Manthan, also released under the translated title The Churning, is a 1976 Hindi film directed by Shyam Benegal, inspired by the pioneering milk cooperative movement of Verghese Kurien, and is written jointly by him and Vijay Tendulkar. It is set amidst the backdrop of the White Revolution of India. Aside from the great measurable success that this project was, it also demonstrated the power of "collective might" as it was entirely crowdfunded by 500,000 farmers who donated Rs. 2 each. Manthan is the first crowdfunded Indian film.

The film won the 1977 National Film Award for Best Feature Film in Hindi and National Film Award for Best Screenplay for Vijay Tendulkar, and was also India's submission for the Academy Award for Best Foreign Language Film for 1976.

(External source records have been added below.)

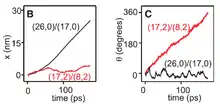 The interaction between the longer and shorter tubes generates an energy surface that confines the motion to specific tracks – translation and rotation. The degree of translational and rotational motion of the shorter tube are highly dependent on the chiralities of the two tubes as shown in Figure 2.3. Motion in the nanoactuator displayed a proclivity of the shorter tube to follow a path of minimum energy. This path could either have a roughly constant energy or have a series of barriers. In the former case, friction and vibrational motion of atoms can be neglected whereas a stepwise motion is expected in the latter scenario.[11]
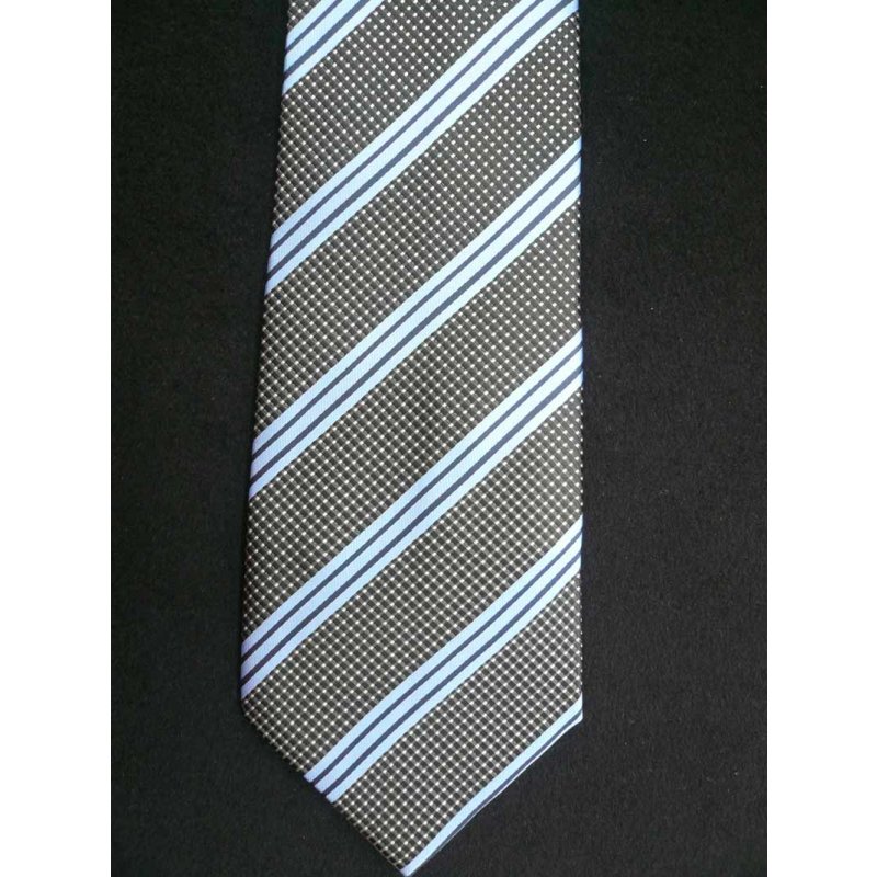 A broad stripe of black and white checks are highlighted by ridged baby and navy blue to create a modern classic which can be paired elegantly with a plain white or light blue shirt. Dry clean only.
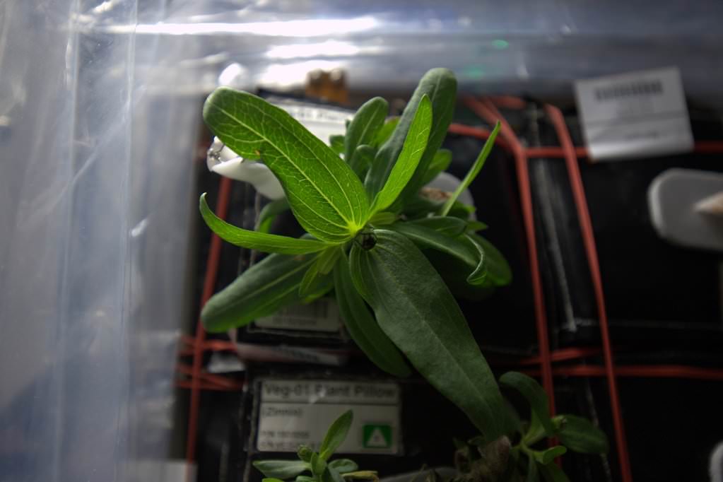 Zinnia flowers are starting to grow in the International Space Station's Veggie facility in Dec. 2015 as part of the VEG-01 investigation. Credit: NASA[/caption]
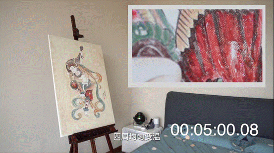 這幅作品是由溫感變色的顏料創(chuàng)作的。開啟海爾舒適風(fēng)Pro空調(diào),當(dāng)溫度達到22℃時,原本無色的壁畫瞬間均勻變色。雷永鋒介紹,如果空調(diào)直吹,壁畫只能局部變色,能讓壁畫均勻顯色是因為空調(diào)的防直吹功能。它也解決了用戶不敢直吹空調(diào)的問題,空調(diào)能精確測算最佳送風(fēng)角度,吹出自然風(fēng)。
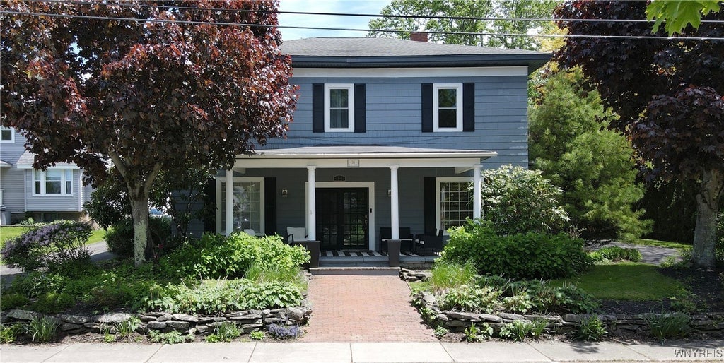 Experience the beauty of Bemus Point, a scenic village on Chautauqua Lake's shores, with this exquisite home offering 4 spacious bedrooms, plus a bonus room and 3 full bathrooms. Inside, the first floor welcomes you with a warm and inviting living room featuring built-in shelves—ideal for displaying books, artwork, or cherished décor. Adjacent to the living room is a formal dining area that exudes warmth and charm—perfect for both everyday meals and festive occasions. A conveniently located first-floor bedroom adds flexibility, whether used as a guest room, home office, or additional living space. Nestled between the lower and upper levels, a generous landing with a built-in closet provides an inviting space for a peaceful sitting area or cozy reading corner. A short staircase leads to the spacious primary bedroom, featuring a sizable walk-in closet and a full ensuite bathroom, with a spacious, tiled walk-in shower equipped with dual shower heads. The second floor additionally boasts two spacious, elegantly appointed bedrooms alongside a beautiful full bathroom. At the heart of the home lies the expansive kitchen, thoughtfully designed with ample cabinetry, a cozy breakfast nook, a built-in desk, a central island with bar seating, a wine cooler, & an additional sink. Off the kitchen is a convenient laundry room—offering the perfect blend of style and functionality. French doors off the kitchen open to a charming covered porch, seamlessly flowing into a spacious patio—ideal for outdoor entertaining and unwinding around the cozy fire pit, all within a warm and inviting outdoor living space. The large 7 car garage boasts a fantastic bar area with comfortable seating - a perfect a space that offers endless possibilities for entertaining and relaxing. Perfectly suited for both permanent living and investment purposes, this property presents significant potential for short-term and long-term rental income streams. All furnishings are negotiable. Also included is parcel 063601-333-009-0002-034-000.

The title song ("Mero Gaam Katha Parey") was sung by Preeti Sagar. She won the Filmfare Award for Best Female Playback Singer for that year. The song was later used as the soundtrack for the television commercial for Amul.

Overview

The word manthan literally means "churning", and other meanings may be deep contemplation, churning of facts, analysis aimed at a solution or conclusion. The film traces a small set of poor farmers of Kheda district in Gujarat who had the vision and foresight to act in a way that was good for the society and not for the self alone. Under leaders like local social worker Tribhovandas Patel, who took up the cause of the farmers, lead to the formation of Kaira District Co-operative Milk Producers' Union. Soon the pattern was repeated in each district of Gujarat, which in turn led to the formation of Amul, a dairy cooperative in Anand, Gujarat in 1946, which is today, jointly owned by some 2.6 million milk producers in Gujarat, India.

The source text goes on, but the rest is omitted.